Another problem seen in the Boston terrier is related to their tails. Those with a screwed or curled tail are more likely to suffer spinal deformities and tail infections.
Boston terriers are intelligent dogs, though ranked as averagely intelligent as per Stanley Coren’s ratings in IQ and obedience. Yet, they are known for their tremendous communication skill and an increased ability to adapt to any surroundings. So if you apply the correct method, i.e., a firm, tactful approach teamed with positive reinforcement techniques.
Socialization: True, your Boston terrier has an admirable personality. Yet, socialization is needed since his puppy days to help him develop into a well-mannered adult. When exposed to different people and situations since their puppyhood, the Boston terrier would learn to differentiate between the good and the bad and not perceive every stranger as a threat. They would even know to mingle well with other dogs, mainly those they see outside, and not display a territorial behavior.
Obedience: They aren’t aggressive like their ancestors, yet, a lack of proper training on manners and discipline could turn a calm dog aggressive in no time. Hence, teach your Boston terrier to follow commands, some of the basic ones first like ‘Stop’ and ‘Stay,’ to help it grow into a well-mannered dog.
Feed the Boston terrier good quality dry dog food containing adequate protein, minerals, carbohydrates, and vitamins. Do not pamper them with too many treats as in this way; you would be doing more harm than good. They are brachycephalic breeds, and obesity is one of the triggers that could result in breathing difficulties. Hence, giving these dogs a nutritious but measured diet is essential.
- Bruschi a Boston terrier holds the Guinness Book of World Records for being the canine with the largest eyes, reaching 28 mm. The entry was submitted by her owner Victoria Reed in 2012, a high school student then.

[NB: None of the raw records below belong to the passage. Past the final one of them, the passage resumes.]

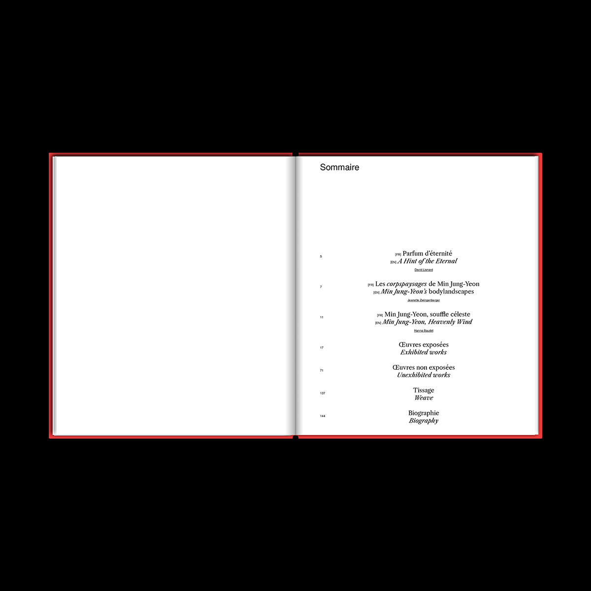 Exhibition catalogue designed for Min Jung-Yeon's solo show at Suquet Des Artistes in Cannes. Foreword by Hanna Baudet, published by Bernard Chauveau éditions.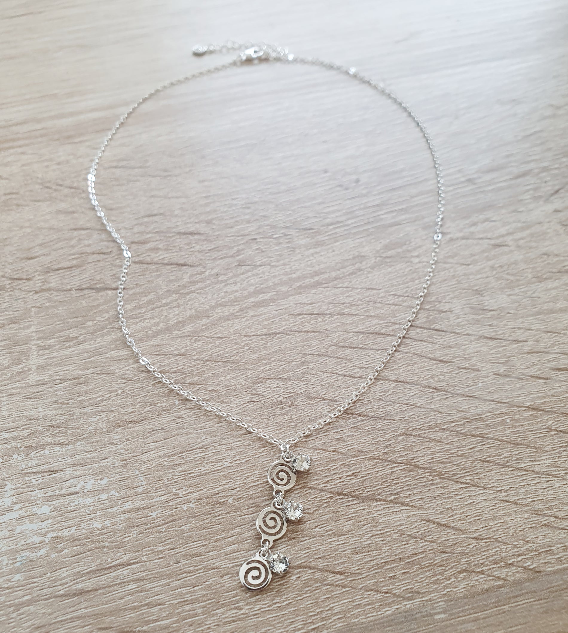 Short triple-swirl coin necklace with Austrian zirconia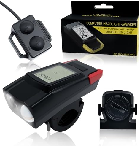 Bike Lights, Bicycle Light with Bike Computer Set,USB Rechargeable IPX4 Waterproof, Front LED Lights with Smart Battery Display & Horn Sounds, Integrated Speedometer & Odometer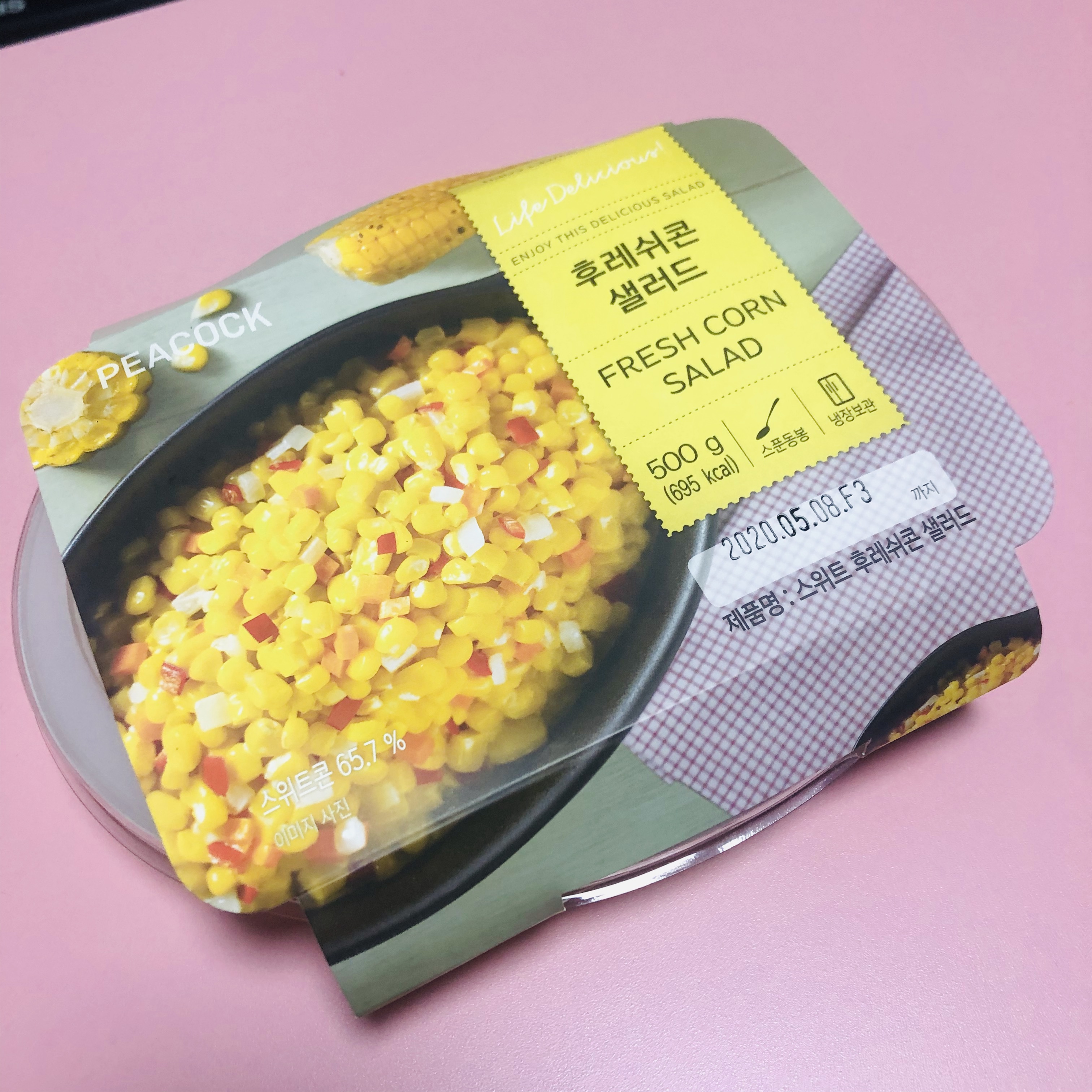 첫 번째로 방문했던 집 근처 편의점은 콘샐러드는 있지만, 알새우칩은 팔지 않았어요. 오랜만에 마음먹고 만들려고 했는데, 이 날은 시도를 포기하게 되었어요. 며칠 후, 이마트에서 장을 보게 되어서 콘샐러드를 찾아 헤맸어요. 편의점에서는 쉽게 찾을 수 있는 이 제품이 대형마트에서는 찾기가 쉽지 않았어요. 직원분들한테 물어봐도 옥수수 통조림 코너로 안내해주셔서 거의 포기할 뻔 했어요. 하지만, 의지의 한국인! 피코크의 '후레쉬콘 샐러드'를 찾게 됩니다! 피코크 만세!

- Rhett, the Boston terrier, is Boston University’s official mascot from 1922 onwards.
- It has also been Massachusetts’ Official State Dog since 1979.
- Helen Keller owned a Boston terrier named Phiz Keller, gifted to her by one of her classmates during her Radcliffe College days. Phiz was her most trusted companion attending lectures with her and patiently waiting in college to get back home with Keller.
- The Boston Terrier Museum housed in Floydada, Texas, founded in 2007, has a unique collection of over 3000 artifacts of this breed.
Both these brachycephalic breeds could look closely similar because of their flat face. Yet both have noticeable physical differences. The Boston terrier appears taller and leaner than the short and stocky-statured French bulldog. The Boston terriers are easier to pick than the Frenchies.
Though bred as working and fighting dogs in the past, they gradually developed into companion breeds.
The miniature or teacup Boston terrier is the downsized counterpart of the standard breed. They weigh below 10 pounds and measure about 12-15 inches. Though breeders developed such mini dogs for popularity, the miniaturization process has resulted in several health problems in the miniature Boston terriers.